▶ **INFORMATION GIVEN**:

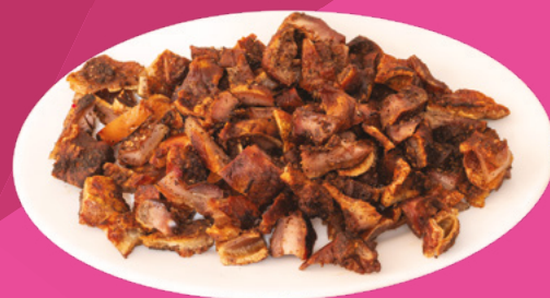
OREJA ADOBADA VIGOGER - 10X500GR.
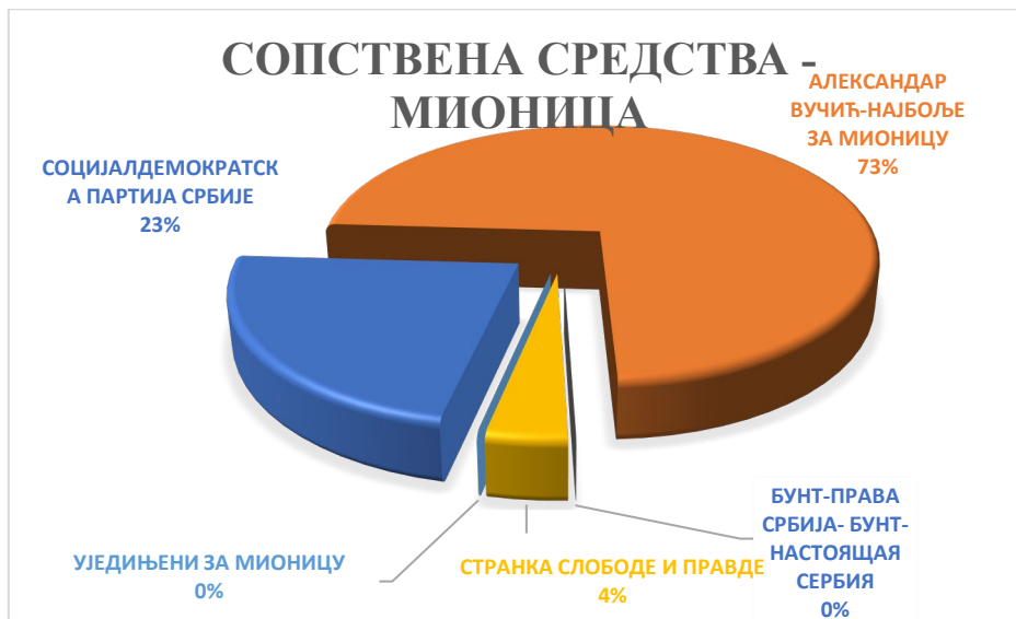
Графикон 3 Средства политичких субјеката из сопствених извора у Мионици
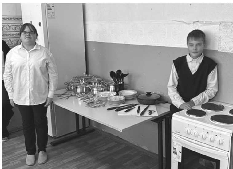
Оснащение школ округа оборудованием для уроков технологии в рамках регионального проекта «Все лучшее детям» национального проекта «Молодежь и дети»
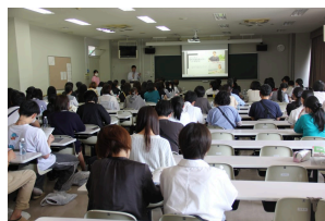
初回参加者向けの全体会
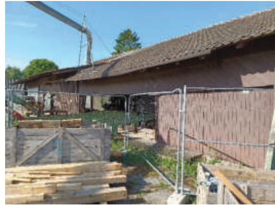
Sägewerk, Blick von Nordosten. (PLÖG, 2025)
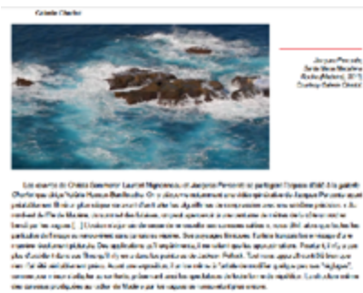
mediaartdesign.net UNPAINTED Munich Dominique Moulon 31/01/2014
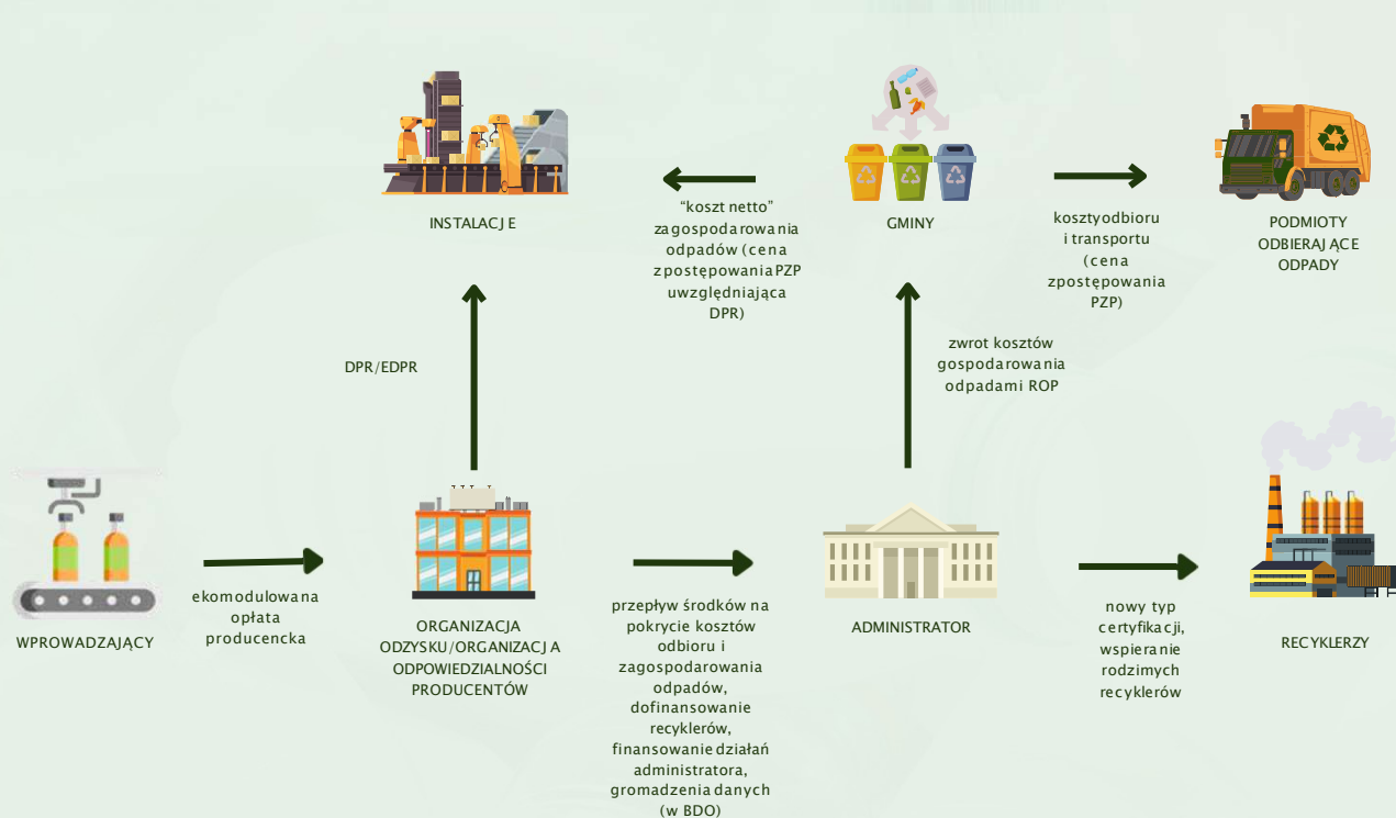
Schemat 2. Przepływ środków finansowych w ramach dofinansowania systemu komunalnych odpadów opakowaniowych zebranych poza systemem gminnym (nie w systemie kaucyjnym). Odpady przemysłowe rozliczane analogicznie.
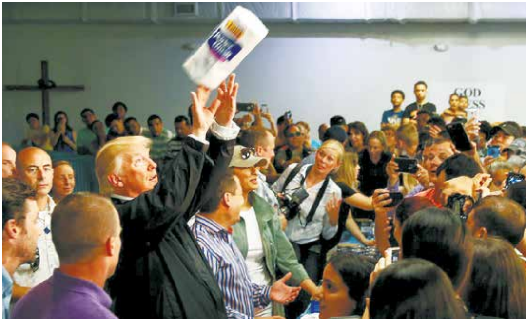
Trump humilló al pueblo de Puerto Rico.
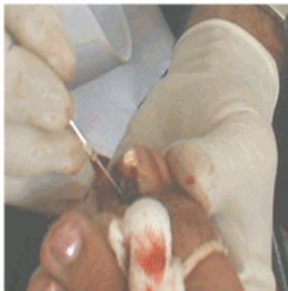
Figura 7. Corte longitudinal del lateral externo de la uña encarnada.
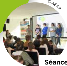
Séance du Parlement des Jeunes pour l'Eau
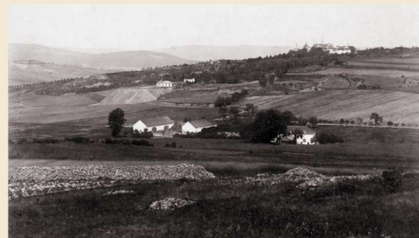
Svatá Hora od jihu, rovněž na počátku 20. století. Vlevo uprostřed bývalá svatohorská šachta, níže vpravo někdejší svatohorské lázně.
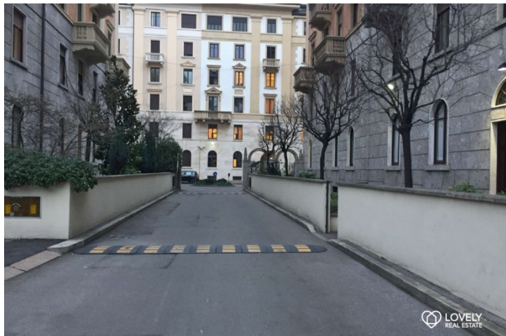
ANTA PIANO RIALZATO
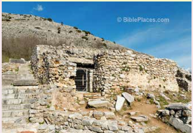
फिलिप्पी में पौलुस का परम्परागत बन्दीगृह

फिलिप्पी: एजीयन सागर से नौ मील दूर स्थित एक समृद्ध नगर, जो यूरोप में पहली बार सुसमाचार पहुँचने के स्थान के तौर पर विख्यात है
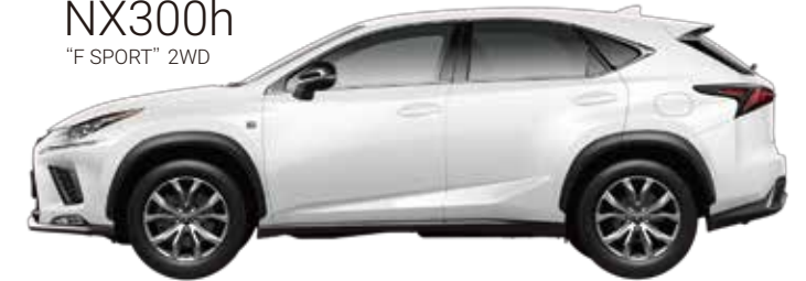
NX300h "F SPORT" 2WD
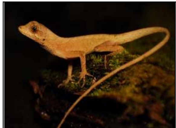
Foto 72 - Norops chrysoleps
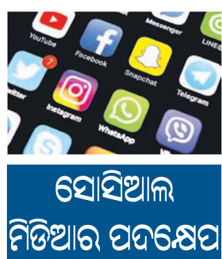
ସୋସିଆଲ ମିଡ଼ିଆର ପଦକ୍ଷେପ

ଆମେରିକା ରାଷ୍ଟ୍ରପତି ନିର୍ବାଚନରେ ସୋସିଆଲ ମିଡ଼ିଆ ପ୍ଲାଟଫର୍ମର ଗୁରୁତ୍ଵପୂର୍ଣ୍ଣ ଭୂମିକା ରହିଥାଏ। ଭୋଟଗ୍ରହଣଠାରୁ ଭୋଟଗଣତି ପର୍ଯ୍ୟନ୍ତ ସୋସିଆଲ ମିଡ଼ିଆରେ ବିଭିନ୍ନ ମିଛ ଖବର ମଧ୍ୟ ପ୍ରକାଶ ପାଇଥାଏ। ଫଳରେ ନିର୍ବାଚନ ବାତାବରଣ ନଷ୍ଟ ହେବା ସହ ହିଂସା ଉତ୍ପତ୍ତି ଆଶଙ୍କା ରହିଥାଏ। ଏଭଳି ମିଛ ଖବର ଉପରେ ଅଜ୍ଞାତ ଲୋକଙ୍କୁ ଲାଗି ମେସେଜ୍ ଆପ୍, ସର୍ଚ୍ଚ ଇଣ୍ଡିକ୍ସ, ଫେସ୍‌ବୁକ୍, ଇନ୍‌ଷ୍ଟାଗ୍ରାମ୍, ଟୁଇଟ୍ଟର ଆଦି ସୋସିଆଲ ମିଡ଼ିଆ ପ୍ଲାଟଫର୍ମଗୁଡ଼ିକ ଯୋଜନା ପ୍ରସ୍ତୁତ କରିଛନ୍ତି। ନିର୍ବାଚନ ସମ୍ପର୍କିତ କିଛି ମିଛ ଖବର ପଠାଗଲେ ଏନେଇ ଫେସ୍‌ବୁକ୍, ଇନ୍‌ଷ୍ଟାଗ୍ରାମ୍ ସୁଇଚ୍‌କୁ ସତର୍କ କରାଯାଇବାର ବ୍ୟବସ୍ଥା କରାଯାଇଛି। ଟୁଇଟ୍ଟର ମଧ୍ୟ ମିଛ ଖବର ସମ୍ପର୍କରେ ଅବଗତ କରାଯାଇ ସହ ସତର୍କ କରିବ। ଟୁଇଟ୍ଟର ଏବଂ ଟିକ୍‌ଟକ୍ ୨୦୧୯ ଅକ୍ଟୋବରରୁ ରାଜନୈତିକ ବିଜ୍ଞାପନକୁ ନିଷିଦ୍ଧ କରିସାରିଛନ୍ତି। ସ୍ଵାସ୍ଥ୍ୟପ୍ରତି
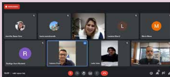
Sindipetro promove live gratuita para associados sobre marketing em postos de combustíveis

▶ **WHAT IS EXPECTED**:
For this exercise, retype the data above exactly and skip every image.

▶ **ANSWER SECTION**:
OREJA ADOBADA VIGOGER - 10X500GR.
Графикон 3 Средства политичких субјеката из сопствених извора у Мионици
Оснащение школ округа оборудованием для уроков технологии в рамках регионального проекта «Все лучшее детям» национального проекта «Молодежь и дети»
初回参加者向けの全体会
Sägewerk, Blick von Nordosten. (PLÖG, 2025)
mediaartdesign.net UNPAINTED Munich Dominique Moulon 31/01/2014
Schemat 2. Przepływ środków finansowych w ramach dofinansowania systemu komunalnych odpadów opakowaniowych zebranych poza systemem gminnym (nie w systemie kaucyjnym). Odpady przemysłowe rozliczane analogicznie.
Trump humilló al pueblo de Puerto Rico.
Figura 7. Corte longitudinal del lateral externo de la uña encarnada.
Séance du Parlement des Jeunes pour l'Eau
Svatá Hora od jihu, rovněž na počátku 20. století. Vlevo uprostřed bývalá svatohorská šachta, níže vpravo někdejší svatohorské lázně.
ANTA PIANO RIALZATO
फिलिप्पी में पौलुस का परम्परागत बन्दीगृह

फिलिप्पी: एजीयन सागर से नौ मील दूर स्थित एक समृद्ध नगर, जो यूरोप में पहली बार सुसमाचार पहुँचने के स्थान के तौर पर विख्यात है
NX300h "F SPORT" 2WD
Foto 72 - Norops chrysoleps
ସୋସିଆଲ ମିଡ଼ିଆର ପଦକ୍ଷେପ

ଆମେରିକା ରାଷ୍ଟ୍ରପତି ନିର୍ବାଚନରେ ସୋସିଆଲ ମିଡ଼ିଆ ପ୍ଲାଟଫର୍ମର ଗୁରୁତ୍ଵପୂର୍ଣ୍ଣ ଭୂମିକା ରହିଥାଏ। ଭୋଟଗ୍ରହଣଠାରୁ ଭୋଟଗଣତି ପର୍ଯ୍ୟନ୍ତ ସୋସିଆଲ ମିଡ଼ିଆରେ ବିଭିନ୍ନ ମିଛ ଖବର ମଧ୍ୟ ପ୍ରକାଶ ପାଇଥାଏ। ଫଳରେ ନିର୍ବାଚନ ବାତାବରଣ ନଷ୍ଟ ହେବା ସହ ହିଂସା ଉତ୍ପତ୍ତି ଆଶଙ୍କା ରହିଥାଏ। ଏଭଳି ମିଛ ଖବର ଉପରେ ଅଜ୍ଞାତ ଲୋକଙ୍କୁ ଲାଗି ମେସେଜ୍ ଆପ୍, ସର୍ଚ୍ଚ ଇଣ୍ଡିକ୍ସ, ଫେସ୍‌ବୁକ୍, ଇନ୍‌ଷ୍ଟାଗ୍ରାମ୍, ଟୁଇଟ୍ଟର ଆଦି ସୋସିଆଲ ମିଡ଼ିଆ ପ୍ଲାଟଫର୍ମଗୁଡ଼ିକ ଯୋଜନା ପ୍ରସ୍ତୁତ କରିଛନ୍ତି। ନିର୍ବାଚନ ସମ୍ପର୍କିତ କିଛି ମିଛ ଖବର ପଠାଗଲେ ଏନେଇ ଫେସ୍‌ବୁକ୍, ଇନ୍‌ଷ୍ଟାଗ୍ରାମ୍ ସୁଇଚ୍‌କୁ ସତର୍କ କରାଯାଇବାର ବ୍ୟବସ୍ଥା କରାଯାଇଛି। ଟୁଇଟ୍ଟର ମଧ୍ୟ ମିଛ ଖବର ସମ୍ପର୍କରେ ଅବଗତ କରାଯାଇ ସହ ସତର୍କ କରିବ। ଟୁଇଟ୍ଟର ଏବଂ ଟିକ୍‌ଟକ୍ ୨୦୧୯ ଅକ୍ଟୋବରରୁ ରାଜନୈତିକ ବିଜ୍ଞାପନକୁ ନିଷିଦ୍ଧ କରିସାରିଛନ୍ତି। ସ୍ଵାସ୍ଥ୍ୟପ୍ରତି
Sindipetro promove live gratuita para associados sobre marketing em postos de combustíveis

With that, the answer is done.